“There’s no growing and sharing in comedy,” Essman said. “And there shouldn’t be. The comedy is that you keep making the same mistake over and over again.”
She wasn’t a series regular until about the eighth season, but the show changed her life, giving her more visibility as a performer, and a financial bedrock. “I look around my house and I say, ‘this is the house that Larry built,’” she said.
Though “Curb” shoots in Los Angeles, Essman has never lived there. She splits her time between a new two-bedroom apartment on the Upper West Side where she eventually hopes to retire, and a home upstate that her husband, a former contractor, fixed up — to the amazement of David, who is not, let’s say, a D.I.Y.-er. She married for the first time at age 53, and has four stepchildren, one grandchild, and a deaf, one-eyed Shih Tzu. “I call him Helen Keller,” she said. “He’s old. He’s cute. I’ll get another one.”
Everyone swears she is not much like her “Curb” character. “Not only is she is one of the sweetest people I’ve ever met in the business, she’s one of the smartest,” Lewis said.

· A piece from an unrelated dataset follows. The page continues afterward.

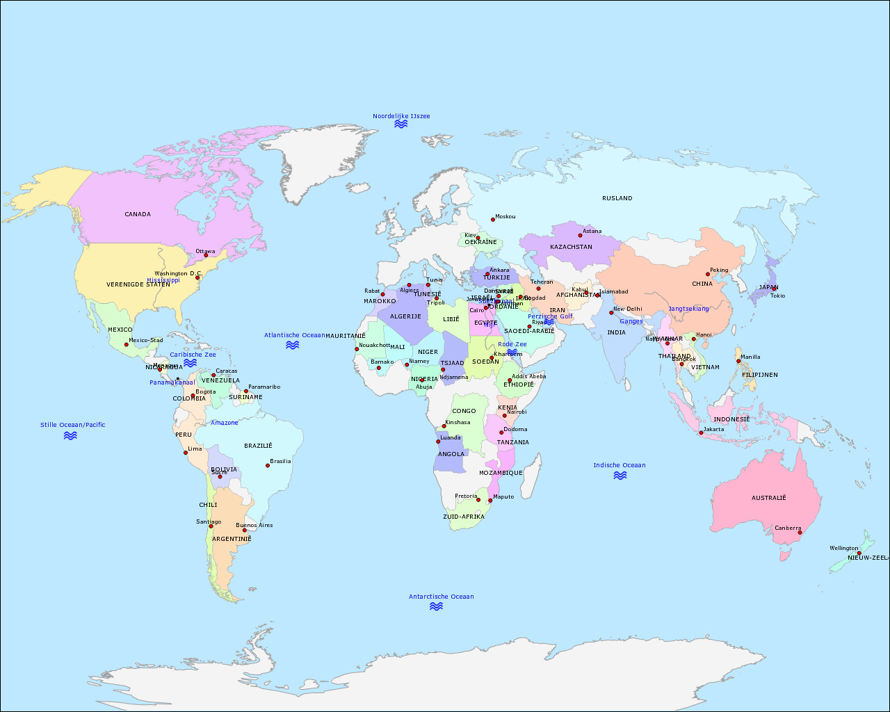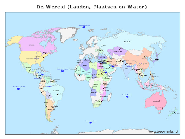 Kleine kaart De Wereld (Landen, Plaatsen en Water) (640x480)

David added that, in their time working together, “She’s become one of my closest friends. Brilliant and profound when it comes to life issues.”
Essman has been besties with Joy Behar, the comedian, writer and TV host, for 40 years; both suffered from stage fright and still navigated the territorial, male-dominated stand-up scene of the ’80s and ’90s. They’ve had therapy and now help friends work out their issues in a psychodrama group that Behar runs, acting out the bad boss or the undermining sibling. “She’s great at it, like a duck to water,” Behar said.
Over lunch, where Essman was dressed tastefully in a fuchsia sweater, beaded necklace and jeans, she snapped at no one, asked thoughtful questions and cooed at a baby across the way.